SECURITIES EXCHANGE ACT OF 1934

 

Date of report (Date of earliest event reported):  October 30, 2007 (October 26, 2007)

 

Momenta Pharmaceuticals, Inc.

(Exact Name of Registrant as Specified in its Charter)

 

Delaware

 

000-50797

 

04-3561634

(State or Other Jurisdiction

 

(Commission File Number)

 

(IRS Employer Identification

of Incorporation)

 

 

 

No.)

 

 

 

 

 

675 West Kendall Street, Cambridge, MA

 

02142

(Address of Principal Executive Offices)

 

(Zip Code)

 

(617) 491-9700

(Registrant’s telephone number, including area code)

 

Not applicable

(Former Name or Former Address, if Changed Since Last Report)

 

Check the appropriate box below if the Form 8-K filing is intended to simultaneously satisfy the filing obligation of the registrant under any of the following provisions (see General Instruction A.2. below):

 

o                                    Written communications pursuant to Rule 425 under the Securities Act (17 CFR 230.425)

 

o                                    Soliciting material pursuant to Rule 14a-12 under the Exchange Act (17 CFR 240.14a-12)

 

o                                    Pre-commencement communications pursuant to Rule 14d-2(b) under the Exchange Act (17 CFR 240.14d-2(b))

 

o                                    Pre-commencement communications pursuant to Rule 13e-4(c) under the Exchange Act (17 CFR 240.13e-4(c)) US1DOCS 6418954v1

 

 



 

Momenta Pharmaceuticals, Inc., a Delaware corporation (the “Company”), hereby amends its Current Report on Form 8-K filed on September 26, 2007 (the “Original Form 8-K”) pursuant to Instruction 2 to Item 5.02 of Form 8-K, to provide information that was not determined or available at the time of the filing of the Original Form 8-K. The Original Form 8-K was filed to report the appointment of Steven B. Brugger as Chief Operating Officer of the Company, effective as of September 20, 2007.

 

Item 5.02.                       Departure of Directors or Certain Officers; Election of Directors; Appointment of Certain Officers; Compensatory Arrangements of Certain Officers.

 

(c)

 

As previously disclosed, on September 20, 2007 the Board of Directors of the Company appointed Steven B. Brugger as Chief Operating Officer of the Company.
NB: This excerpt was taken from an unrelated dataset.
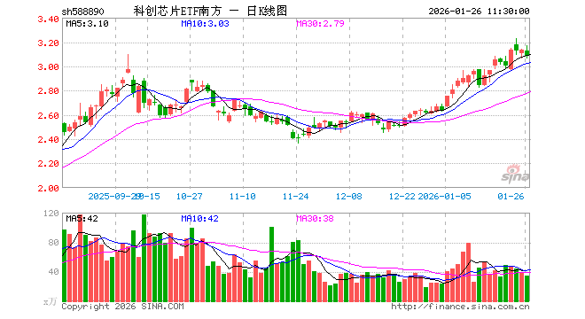 1月26日,截止午间收盘,科创芯片ETF南方(588890)跌1.53%,报3.085元,成交额1.08亿元。科创芯片ETF南方(588890)重仓股方面,中芯国际截止午盘跌1.95%,海光信息跌0.72%,寒武纪跌2.19%,澜起科技涨3.01%,中微公司跌3.41%,拓荆科技跌4.44%,芯原股份涨8.47%,华虹公司涨1.93%,沪硅产业跌2.61%,东芯股份涨6.87%。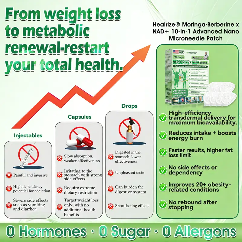 Healrizeยฎ Moringaยท Berberine x NAD+ 10-in-1 Advanced Nano Microneedle Patch: 98% Absorption Rate, Transforming Weight, Liver, Gut & Skin Healt

In connection with Mr. Brugger’s appointment, on October 26, 2007 the Compensation Committee of the Board of Directors (the “Compensation Committee”) approved an increase to Mr. Brugger’s annual base salary from $293,907 to $345,000, effective October 26, 2007. In addition, the Compensation Committee approved an increase in the target bonus potential for Mr. Brugger from 35% to 45% of Mr. Brugger’s annual base salary.

 

Adjustments to Mr. Brugger’s equity compensation resulting from his appointment as Chief Operating Officer, if any, will be included in an amendment to this Current Report on Form 8-K when available.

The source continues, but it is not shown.